Monday, July 19, 2021

 

As mentioned in my last post, my recent lighthouse research trip provided insight into the isolation and loneliness my protagonist would feel at a remote location. But it also helped me map my fictional setting and put the buildings in likely spots. After all, I don’t want the buildings to move to different locations in the middle of the book.

Besides the tower and the keepers’ house, each lighthouse station had several outbuildings. In the days before automated lighthouses, all stations had a fuel building that was located away from the other structures because of the volatile nature of its contents. Most stations had either a fog bell or a foghorn, also separate from the light and the keepers’ dwelling, possibly in the futile hope that it wouldn’t disturb the keepers’ families during the night.

Then there was the outhouse, which was a necessity well into the twentieth century for some of the more isolated lighthouse stations.
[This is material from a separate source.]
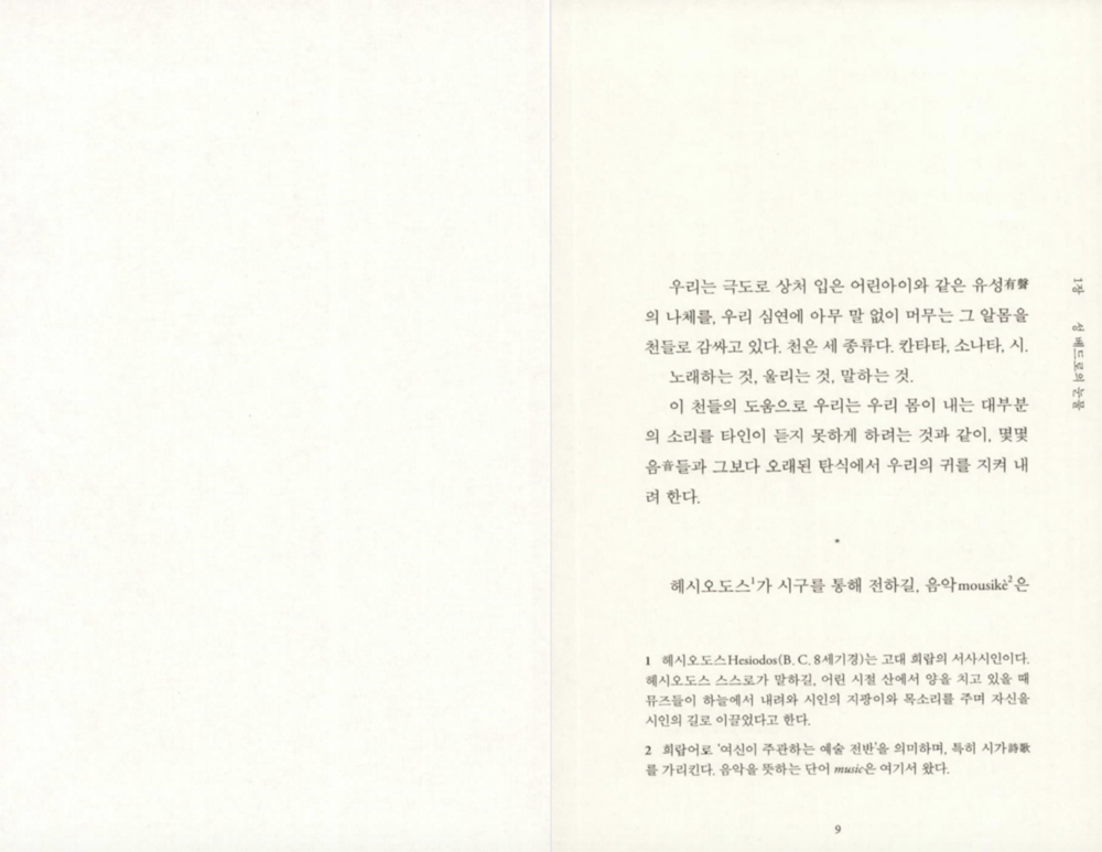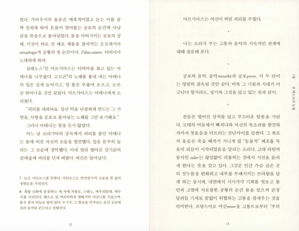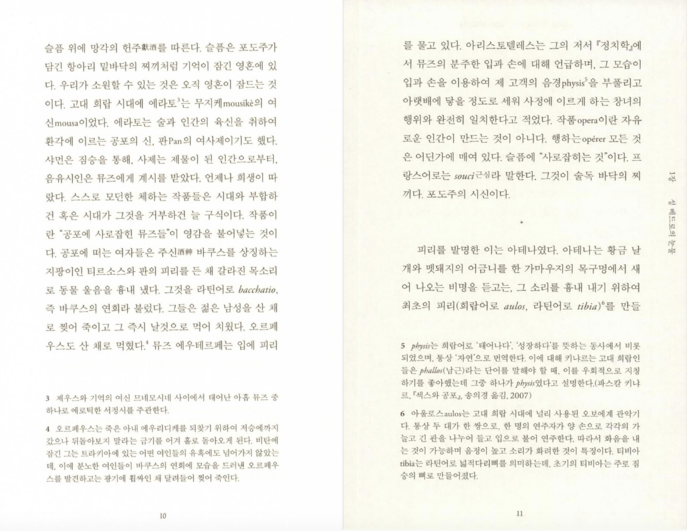 - 공포와 음악. 음악mousike과 공포pavor. 이 두 단어는 영원히 결속된 것만 같다.(13쪽)

The outhouse was often built of brick, and a typical one had two holes for adults and a smaller one for children.

It was also common for a lighthouse station to have a barn and a boathouse. Some also had a tramway, which wasn’t a building as much as an elevator designed to haul supplies up a cliff from the dock below.

Before we went on our trip, I tried to draw a preliminary map of my fictional Lonely Rock Lighthouse station, but I knew it was incomplete. After returning, I drew the one at the head of this post. As I write the story, I may discover the need to add additional topographical features, but at least I know where the buildings are.

A map keeps buildings from moving around unexpectedly or characters from walking in the wrong direction to reach them, and location research can help develop that map even for a fictional setting.

And that’s especially important when the setting is a character in the story.